- Input for this task -

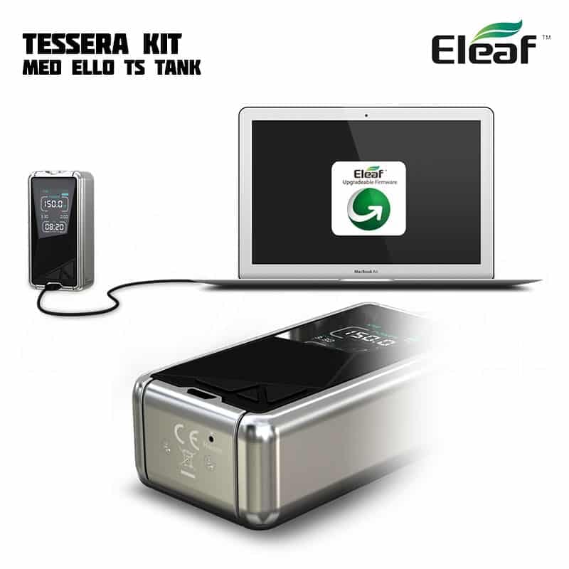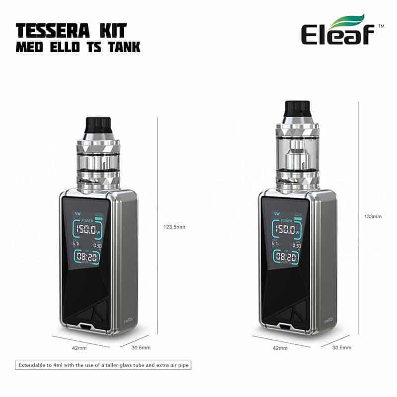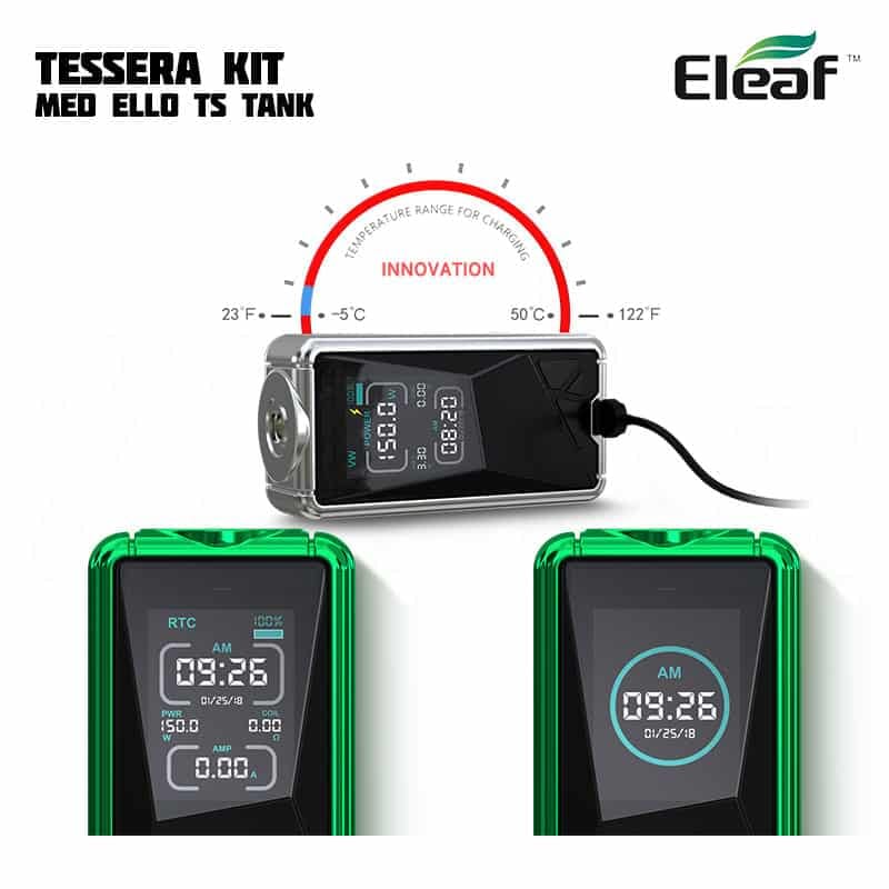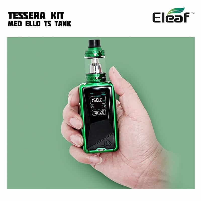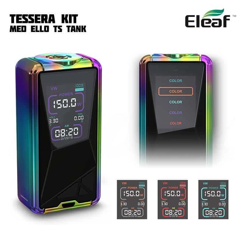 Eleaf Tessera Kit är en kompakt enhet storleksmässigt, men samtidigt byggd för att vara kraftfull då den går upp till 150 W. Avfyrningsknappen är integrerad i ena sidopanelen, vilket gör att du kan greppa den vid användning. Påfyllning av tanken sker via topplocket, genom så kallad top fill. De nya medföljande förbrännarna/coilsen från Eleaf – EC2, är byggda för hög ångproduktion. Enheten har ett inbyggt 3400 mAh-batteri, som kan laddas upp till 2 A (så kallad snabbladdning) via medföljande laddningskabel. Inkluderar en inbyggd klockfunktion med datum och tid, samt 5 olika färgteman på gränssnittet för att kunna göra den mer personlig.
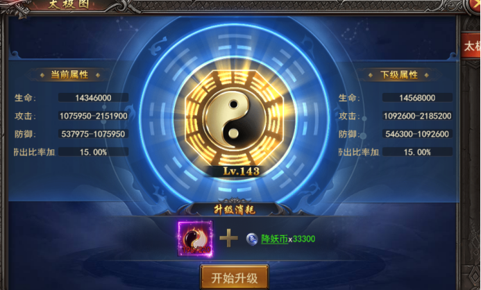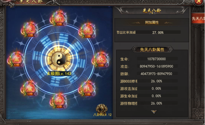 3. 新增玩法--西游养成--先天八卦升级:穿戴一套八卦装备可激活太极图,使用太极印可对太极图进行升级,等级越高,属性加成越高,可以带出西游属性比例越高;
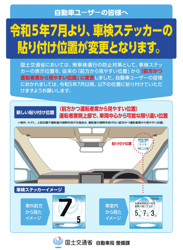 2023年7月3日から車検証ステッカーの貼り付け位置が変更となっております!
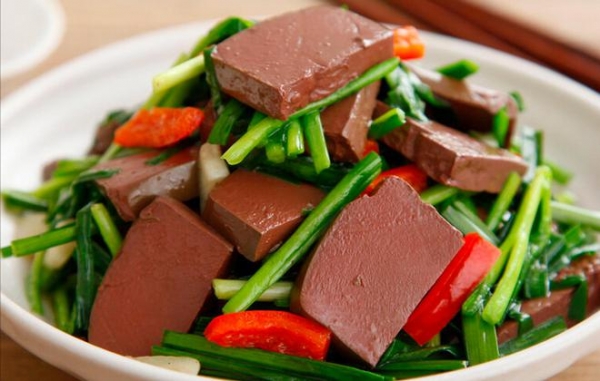 动物的血液也含有大量的铁元素,可以以血补血,猪血、鸡血,鸭血等动物血液里的铁的利用率为12%,可以预防缺铁性贫血。
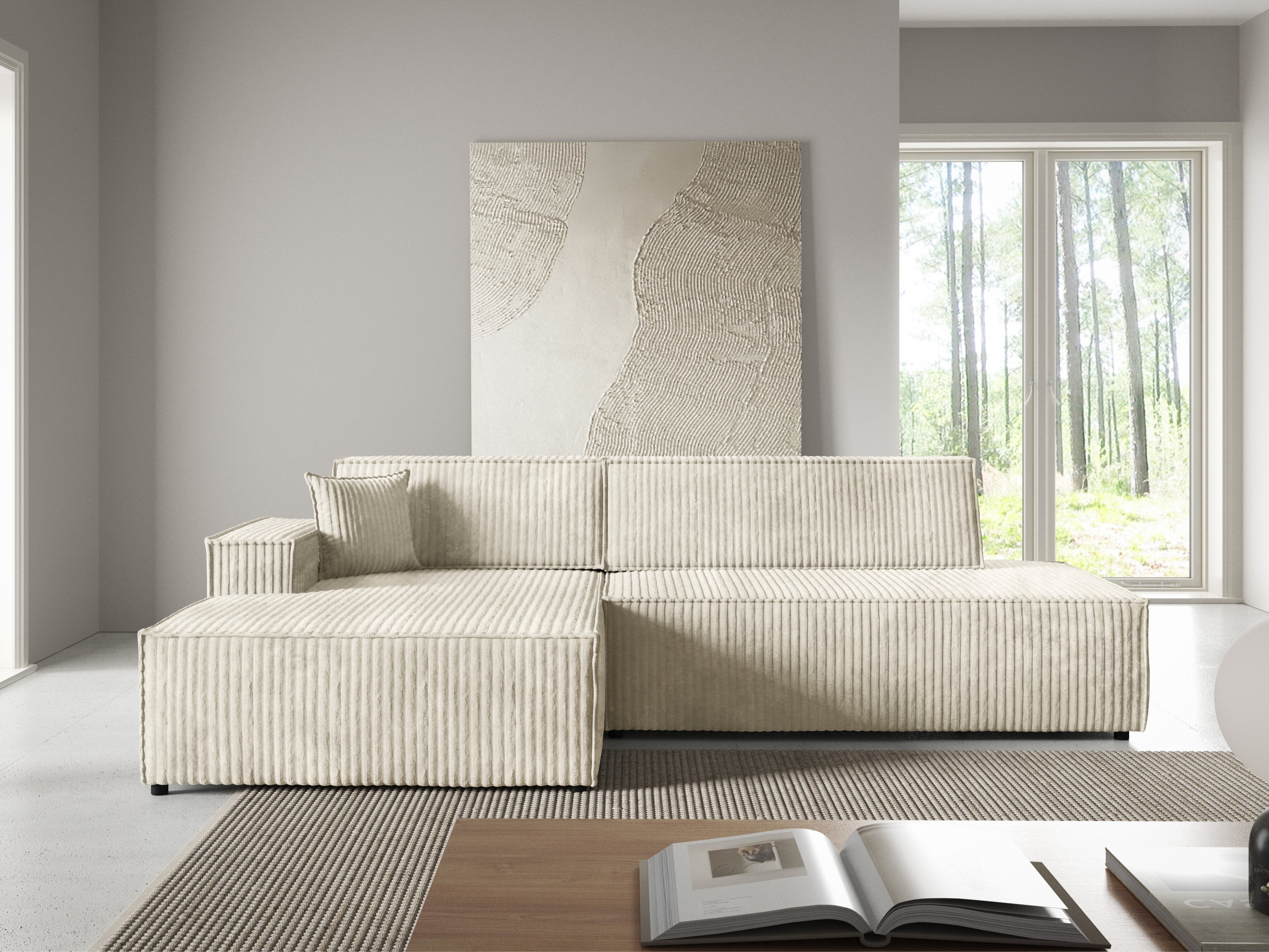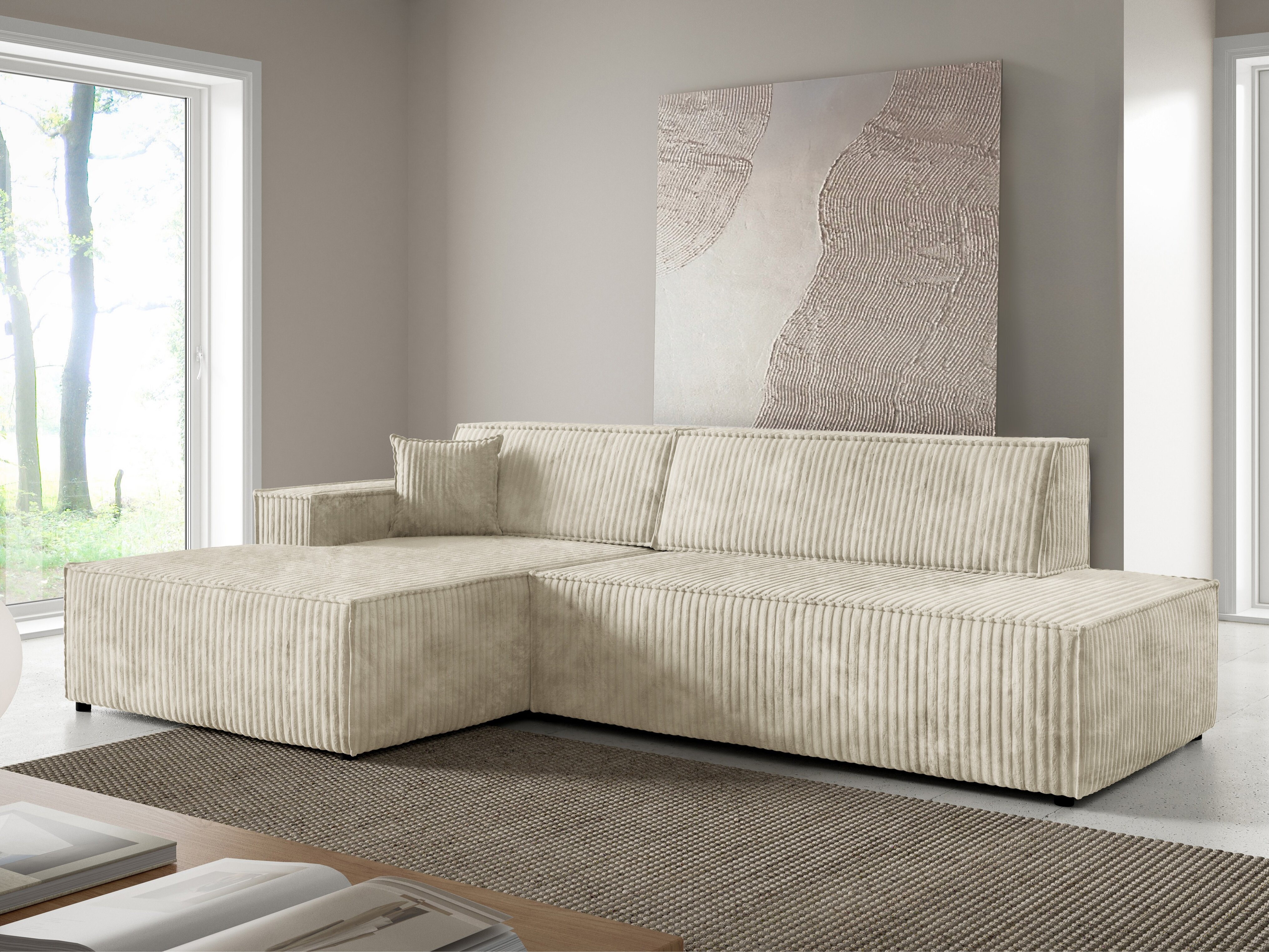 Wenn Sie das Sofa von vorne betrachten, befindet sich der verlängerte Teil bzw. die Ecke der linksseitigen Option auf Ihrer linken Seite. Die gewählte Eckoption sollte den Fluss des Raums verbessern und eine einfache Bewegung innerhalb des Raums ermöglichen.

- What is required -
In the listing above, find the line containing "2023年7月3日から車検証ステッカーの貼り付け位置が変更となっております!" and restate it and every later line verbatim, with the pictures left out.

- Result of the exercise -
 2023年7月3日から車検証ステッカーの貼り付け位置が変更となっております!
 动物的血液也含有大量的铁元素,可以以血补血,猪血、鸡血,鸭血等动物血液里的铁的利用率为12%,可以预防缺铁性贫血。
 Wenn Sie das Sofa von vorne betrachten, befindet sich der verlängerte Teil bzw. die Ecke der linksseitigen Option auf Ihrer linken Seite. Die gewählte Eckoption sollte den Fluss des Raums verbessern und eine einfache Bewegung innerhalb des Raums ermöglichen.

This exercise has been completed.